Tunisian President Beji Caid Essebsi says his country is at war with "barbarians," following an attack by suspected militants that left at least 53 people dead near the Libyan border.
Essebsi spoke Monday, hours after dozens of suspected extremists rampaged through the Tunisian town of Ben Guerdan, targeting police and army posts.
"This is an unprecedented attack, planned and organized, and whose goal was probably to take control of this area and to announce a new emirate," the president said from the capital, Tunis.
Television footage showed bodies littering a local roadway, along with bullet-riddled cars and discarded weaponry, as security forces regained control of the town after the dawn attack.

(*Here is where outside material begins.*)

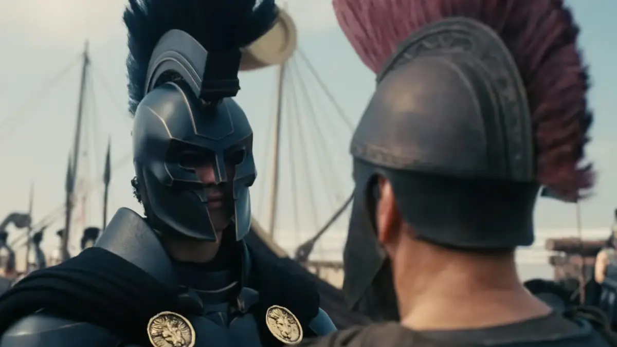El despliegue visual alcanza su punto álgido con la representación del caballo de Troya, concebido como una construcción gigantesca que los troyanos arrastran desde la orilla sin sospechar su contenido. El tráiler también deja entrever amenazas sobrenaturales, como la silueta de un ser colosal que recuerda al cíclope Polifemo, además de secuencias rodadas en mar abierto donde los barcos combaten olas reales, sin apoyarse en efectos digitales evidentes.

Authorities say at least 10 soldiers were killed in the fighting, along with 35 extremists and seven civilians.
The battle was the second such border clash in and near the town in the past week, and comes as Britain prepares to send military advisers to help secure the porous border region.
Last month, the Pentagon said U.S. warplanes struck a nearby Islamic State training camp inside the Libyan border, killing dozens of terrorist recruits and likely senior Islamic State militant Noureddine Chouchane.
Chouchane was linked to attacks last year on a museum in Tunis, and a beach resort outside the capital, which together killed at least 60 people, most of them foreign tourists.
Tunisia has battled Islamist militancy at home and across its border with Libya since a 2011 popular uprising ousted longtime President Zine el Abidine Ben Ali and ignited the Arab Spring protests that have transformed the region.